A significant portion of today's public conversation includes questions, opinions, and the implications of the police's role in society. Information should be liberating, eye-opening, and objective. We noticed that a lot of people are restricted in outlook by their close communities. We hope to break that bubble and more generally, give a bigger picture of the ongoing conversation that is not skewed and tries to bring out the positives, negatives, and the neutral perspectives on the issue.
What it does
A public dashboard backed with an elaborate sentiment analyzer parsing a Twitter stream to understand public temparaments about the Police in the United States based on state.
How we built it
A twitter Stream is periodically opened for each state and tweets are monitored for the presence of police related keywords. We then try to understand if the sentiments pertain to the Police force. We do this using Stanford CoreNLP's library to perform Parts of Speech(POS) and intersectionality analysis on the data. If we are satisfied that the tweet is an opinion on cops, we go ahead and perform sentiment analysis using Microsoft's Text-Analytics Cognitive Service. We then feed this to a MongoDB database which maintains a window of recent tweets, and latest example tweets for each category. The dashboard is a minimalistic interface where you can view a choropleth map of the USA and running average positive, negative, and neutral sentiments for every state. Our website seamlessly provides a one-stop solution to more insights on the broader geographical region of the USA. Sample tweets are displayed on the website for each category - positive, negative, neutral - sentiments pertaining to the subject of the police force. This way, people can easily find the trends
Challenges we ran into
This was the first time for all of us to be working with NLP. Understanding concepts of Linguistics was something new and eye-opening. Microsoft's Azure Sentiment Analysis can give a sentiment score for any type of sentence. Many tweets about the police tend to be neutral but skewed to positive or negative from a plain language level. We focused on trying our best to consider sentiments with the police as the subject. Our novelty includes Parts of Speech(POS) analysis and keyword dependency. We also tried Azure's Opinion Mining service to improve accuracy but experiments showed that most tweets are very short and unstructured to apply this technology. We referred the methods used in the study here https://www.ncjrs.gov/pdffiles1/nij/grants/205619.pdf to guide us in building a more intelligent solution.

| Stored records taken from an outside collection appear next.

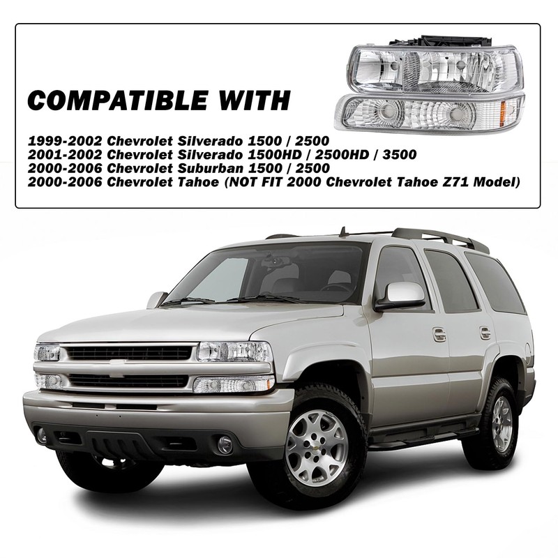 - 【FITMENT】Headlights Assembly Compatible with 1999-2002 Chevy Silverado 1500 / 2500, 2001-2002 Chevy Silverado 1500HD / 2500HD / 3500, 2000-2006 Chevy Suburban 1500 / 2500, 2000-2006 Chevy Tahoe (NOT FIT 2000 Chevrolet Tahoe Z71 Model). Bulbs are not included. High Beam: 9005; Low Beam: 9006; Signal Light: 3157A; Side Marker Light: 194NA; DRL: 4114. OEM Part Number: 16526133, 16526130, 15199558, 15199559. Partslink Number: GM2502187, GM2503187.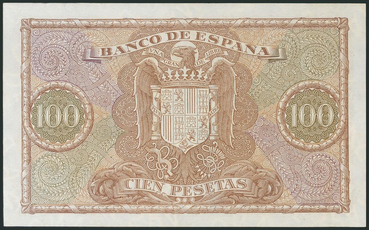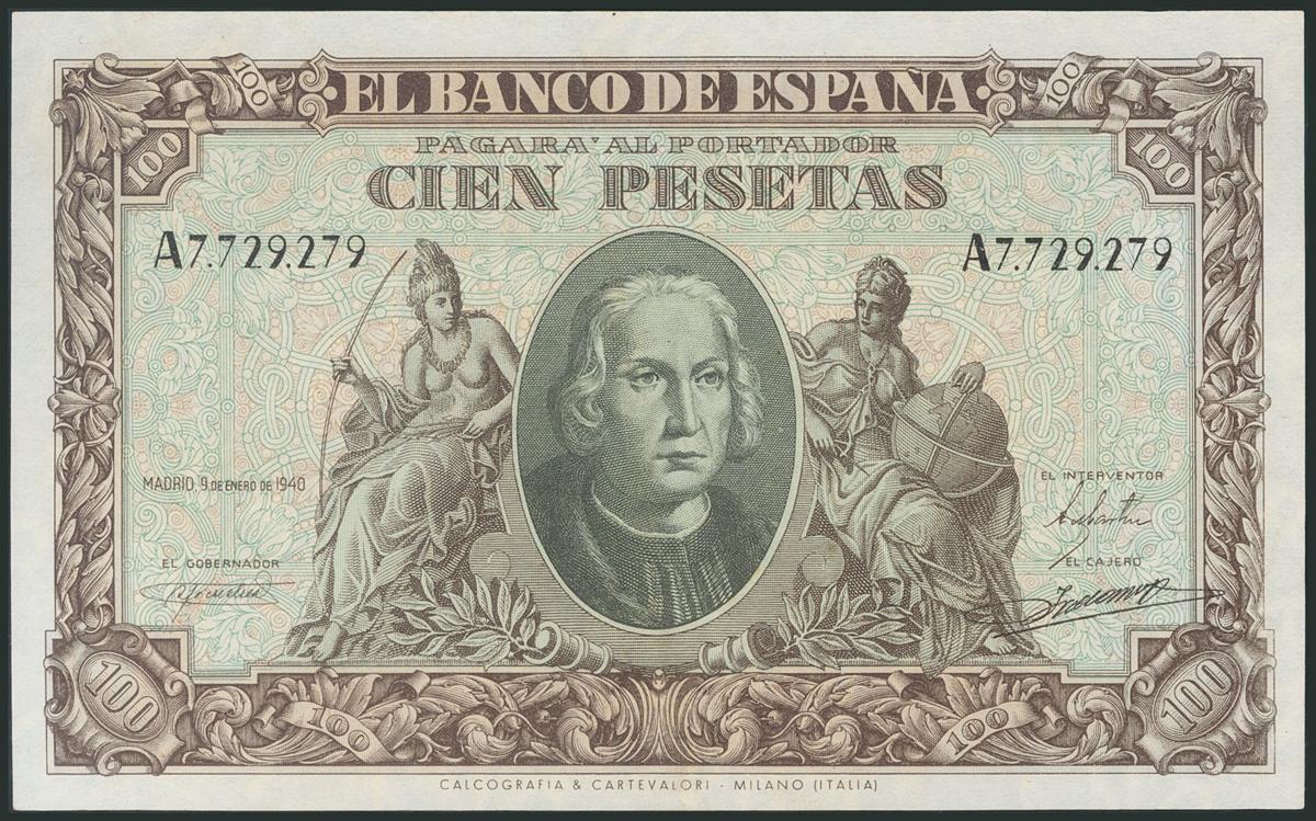 100 Pesetas. 9 de Enero de 1940. Serie A. (Edifil 2017: 438). Imperceptible doblez vertical, que no llega a romper la fibra. EBC+.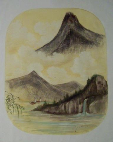 The painting portrays a serene landscape, where majestic mountains stand tall against a soft, yellowish sky. The peaks, shrouded in mist, cast their reflections upon the tranquil waters below, where a small sailing vessel adds a touch of life to the still scene. Rocky outcrops and sparse vegetation in the foreground offer a stark contrast to the smooth waters and cloudy skies, creating a harmonious blend of nature’s rugged beauty and peacefulness.

Another Major challenge was getting location specific information on these sentiments. Most Tweets do not contain a geotag. For this we basically searched by each state with bounding boxes/circular search regions, to analyze location specific tweets. A following challenge was that we could not filter tweepy streams with more both location and keyword. For this sake, we implemented a loop we basically spends time analyzing tweets from each state, checks if its cop related, and analyzes that then.
We thought of trying to train a model to help classify better but we did not have enough data and the Twitter API rate limits were not big enough for the purpose. We also did not want to break Twitter's policy by attempting to using a Twitter scraping library.
Accomplishments that we're proud of
Worked with NLP for the first time. We are still amazed by how far we came along. Proud to have worked with the Parts of Speech and keyword intersection NLP methods to intelligently tackle a problem. Proud of being able to hack our way around geolocation challenges, streaming challenges. Proud to apply Twitter technology for the good.
What we learned
Natural Language Processing - caveats and techniques MongoDB database Flask Twitter API
What's next for CopSense
Improving on the NLP architecture, studying more about ongoing research in the same sector and try to implement additional techniques.